**What the task requires**
Your answer should be the full data, transcribed exactly, with no pictures in it.

**Listed records**
______

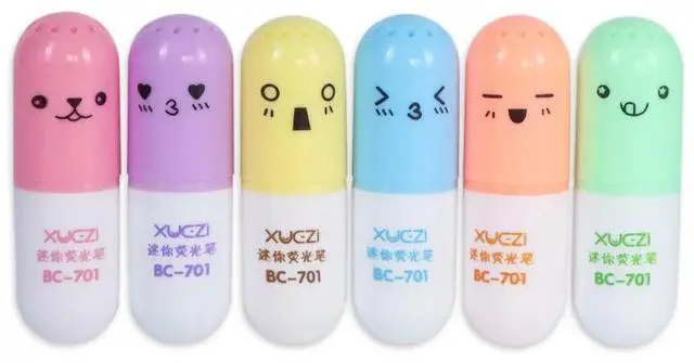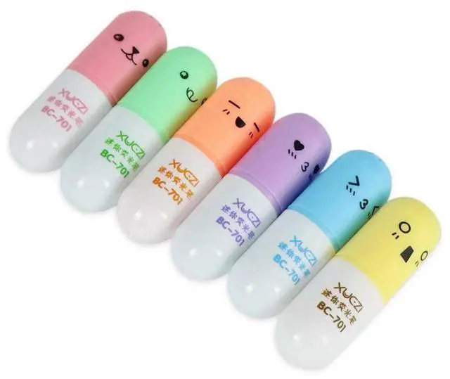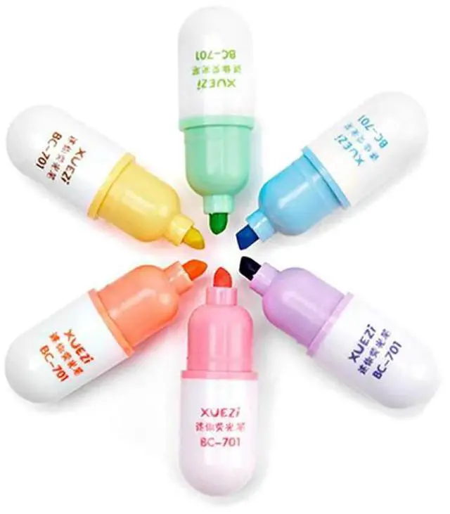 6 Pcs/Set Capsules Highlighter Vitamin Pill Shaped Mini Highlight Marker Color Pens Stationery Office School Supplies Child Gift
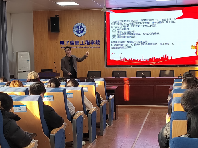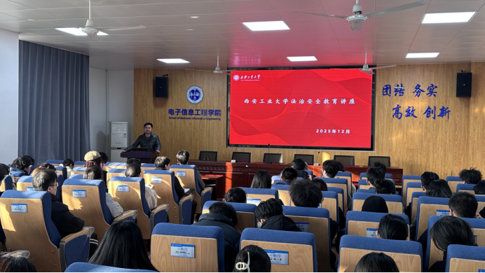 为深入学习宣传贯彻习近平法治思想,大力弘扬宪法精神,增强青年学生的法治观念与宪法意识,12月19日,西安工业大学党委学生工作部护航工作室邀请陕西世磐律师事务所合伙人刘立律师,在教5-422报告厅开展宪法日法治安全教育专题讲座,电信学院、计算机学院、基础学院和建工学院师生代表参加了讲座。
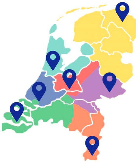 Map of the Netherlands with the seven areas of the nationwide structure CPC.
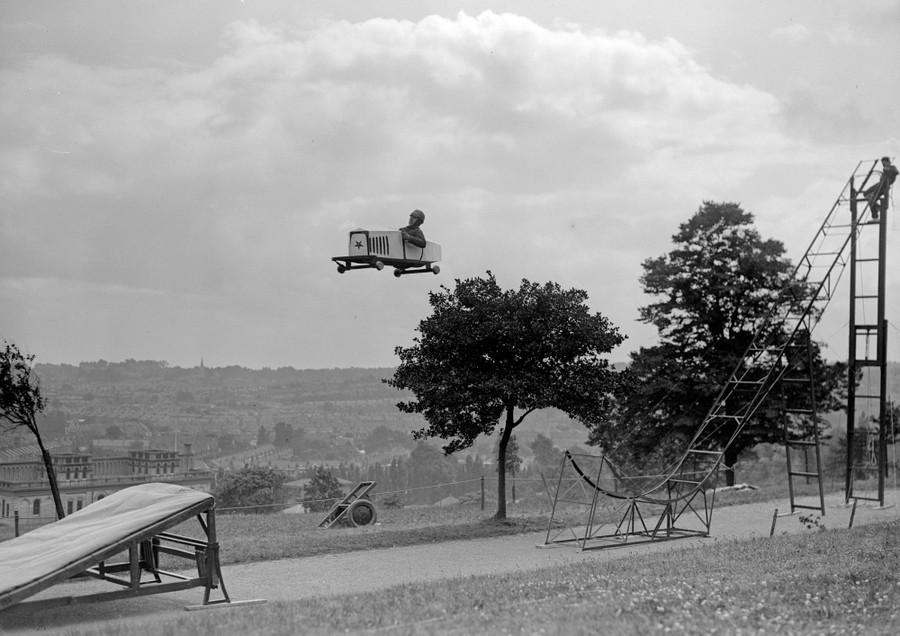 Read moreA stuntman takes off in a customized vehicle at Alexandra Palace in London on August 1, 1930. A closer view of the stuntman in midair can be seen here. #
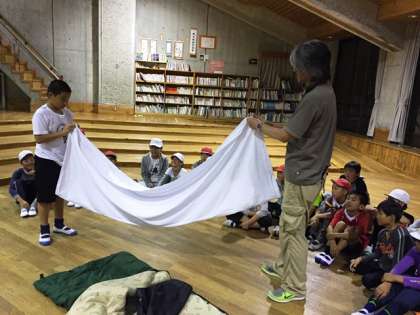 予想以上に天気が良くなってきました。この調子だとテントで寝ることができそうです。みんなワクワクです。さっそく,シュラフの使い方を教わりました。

______

**Reply**
 6 Pcs/Set Capsules Highlighter Vitamin Pill Shaped Mini Highlight Marker Color Pens Stationery Office School Supplies Child Gift
 为深入学习宣传贯彻习近平法治思想,大力弘扬宪法精神,增强青年学生的法治观念与宪法意识,12月19日,西安工业大学党委学生工作部护航工作室邀请陕西世磐律师事务所合伙人刘立律师,在教5-422报告厅开展宪法日法治安全教育专题讲座,电信学院、计算机学院、基础学院和建工学院师生代表参加了讲座。
 Map of the Netherlands with the seven areas of the nationwide structure CPC.
 Read moreA stuntman takes off in a customized vehicle at Alexandra Palace in London on August 1, 1930. A closer view of the stuntman in midair can be seen here. #
 予想以上に天気が良くなってきました。この調子だとテントで寝ることができそうです。みんなワクワクです。さっそく,シュラフの使い方を教わりました。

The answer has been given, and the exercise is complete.